To do: Nothing but the lines from the first line of the entries through the line with "Along the fenceline, we" should appear in the answer, transcribed exactly and free of pictures.

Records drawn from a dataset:
------------------------

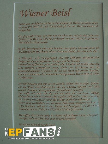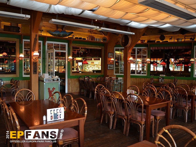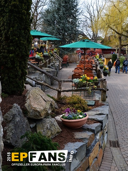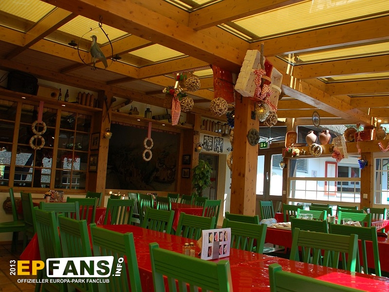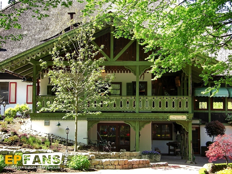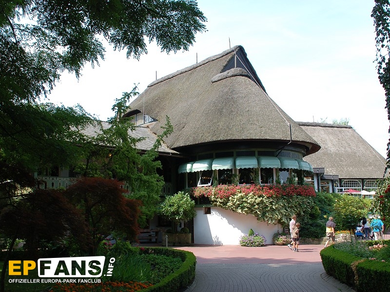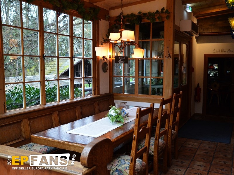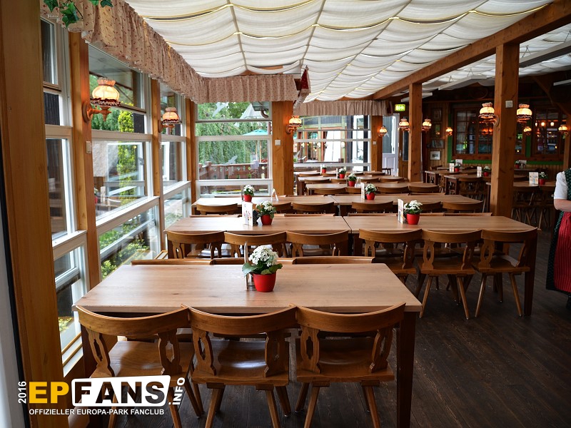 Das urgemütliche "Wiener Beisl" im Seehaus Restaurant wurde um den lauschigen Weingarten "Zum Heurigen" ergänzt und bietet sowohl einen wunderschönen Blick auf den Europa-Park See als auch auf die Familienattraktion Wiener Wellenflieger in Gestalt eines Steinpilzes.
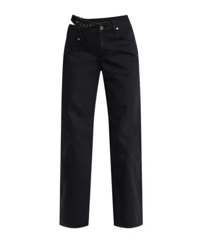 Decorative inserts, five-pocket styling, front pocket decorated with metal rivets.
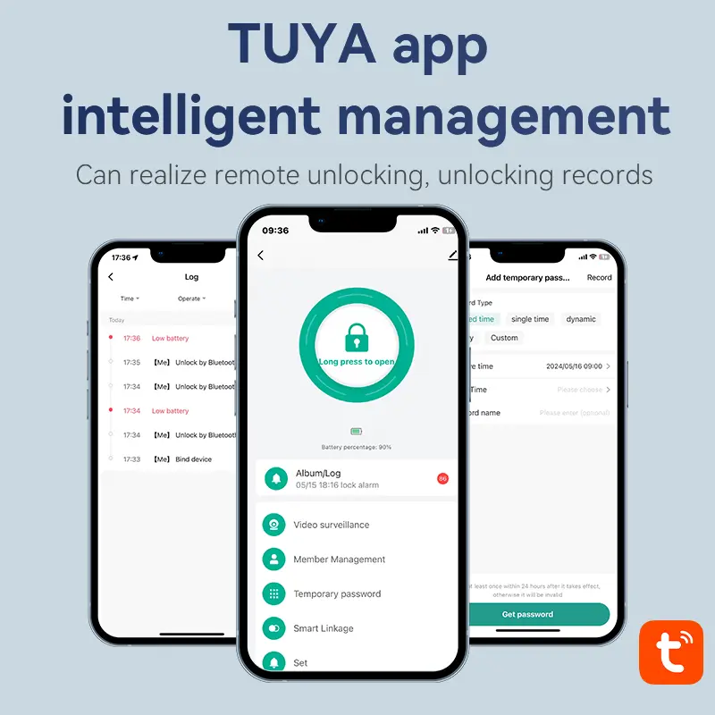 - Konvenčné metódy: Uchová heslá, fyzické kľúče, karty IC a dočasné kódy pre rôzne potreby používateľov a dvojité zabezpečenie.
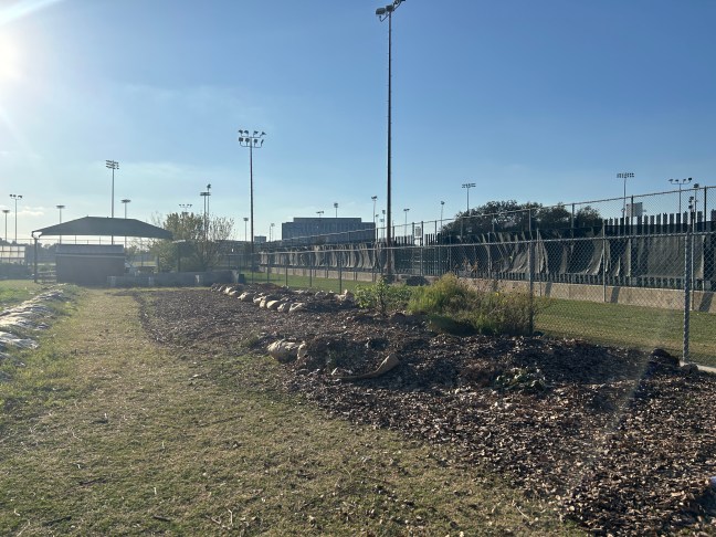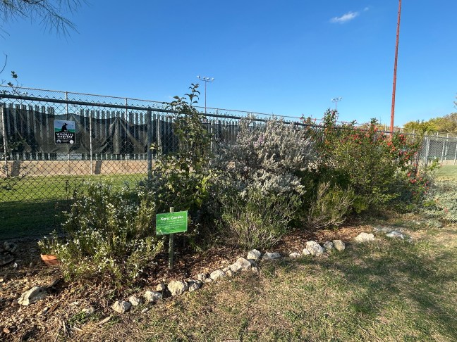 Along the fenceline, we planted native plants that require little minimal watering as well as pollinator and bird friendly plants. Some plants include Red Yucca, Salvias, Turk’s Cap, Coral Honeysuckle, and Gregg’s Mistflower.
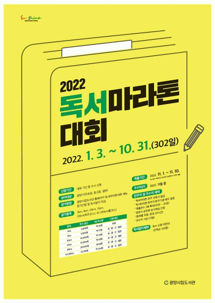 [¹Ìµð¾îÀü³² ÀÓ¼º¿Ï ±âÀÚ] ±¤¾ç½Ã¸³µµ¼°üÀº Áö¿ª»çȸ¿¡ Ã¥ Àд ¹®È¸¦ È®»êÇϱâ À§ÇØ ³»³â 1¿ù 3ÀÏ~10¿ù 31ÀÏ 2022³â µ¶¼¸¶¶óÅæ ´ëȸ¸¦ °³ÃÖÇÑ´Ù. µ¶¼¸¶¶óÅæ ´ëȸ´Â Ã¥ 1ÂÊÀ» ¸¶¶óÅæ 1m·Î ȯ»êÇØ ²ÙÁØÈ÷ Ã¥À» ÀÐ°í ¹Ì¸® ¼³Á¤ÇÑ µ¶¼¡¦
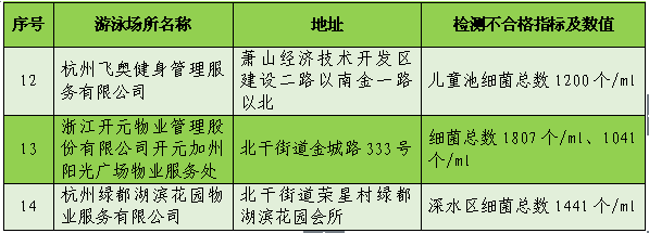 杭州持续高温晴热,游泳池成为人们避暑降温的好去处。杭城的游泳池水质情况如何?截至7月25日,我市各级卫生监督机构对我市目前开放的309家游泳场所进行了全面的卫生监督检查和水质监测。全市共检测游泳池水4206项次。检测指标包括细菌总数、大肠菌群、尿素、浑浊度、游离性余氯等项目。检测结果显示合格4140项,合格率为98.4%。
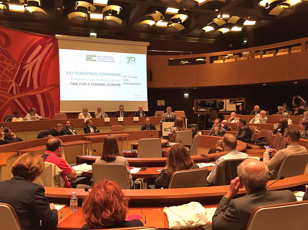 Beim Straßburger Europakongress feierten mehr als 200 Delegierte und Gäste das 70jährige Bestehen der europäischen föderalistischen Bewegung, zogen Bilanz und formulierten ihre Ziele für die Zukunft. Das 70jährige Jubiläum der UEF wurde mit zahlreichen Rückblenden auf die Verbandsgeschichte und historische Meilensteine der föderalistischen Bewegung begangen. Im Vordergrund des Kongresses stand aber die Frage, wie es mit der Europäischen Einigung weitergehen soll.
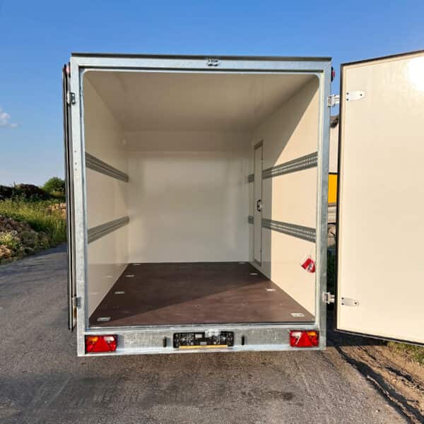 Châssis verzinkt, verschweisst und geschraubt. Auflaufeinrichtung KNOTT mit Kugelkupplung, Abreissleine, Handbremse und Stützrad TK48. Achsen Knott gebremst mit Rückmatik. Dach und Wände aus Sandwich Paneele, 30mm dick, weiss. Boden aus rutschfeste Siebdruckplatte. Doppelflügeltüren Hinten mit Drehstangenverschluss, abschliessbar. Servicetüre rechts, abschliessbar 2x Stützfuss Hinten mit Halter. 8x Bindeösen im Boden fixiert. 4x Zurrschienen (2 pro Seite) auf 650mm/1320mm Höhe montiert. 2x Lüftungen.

------------------------

The answer:
 Das urgemütliche "Wiener Beisl" im Seehaus Restaurant wurde um den lauschigen Weingarten "Zum Heurigen" ergänzt und bietet sowohl einen wunderschönen Blick auf den Europa-Park See als auch auf die Familienattraktion Wiener Wellenflieger in Gestalt eines Steinpilzes.
 Decorative inserts, five-pocket styling, front pocket decorated with metal rivets.
 - Konvenčné metódy: Uchová heslá, fyzické kľúče, karty IC a dočasné kódy pre rôzne potreby používateľov a dvojité zabezpečenie.
 Along the fenceline, we planted native plants that require little minimal watering as well as pollinator and bird friendly plants. Some plants include Red Yucca, Salvias, Turk’s Cap, Coral Honeysuckle, and Gregg’s Mistflower.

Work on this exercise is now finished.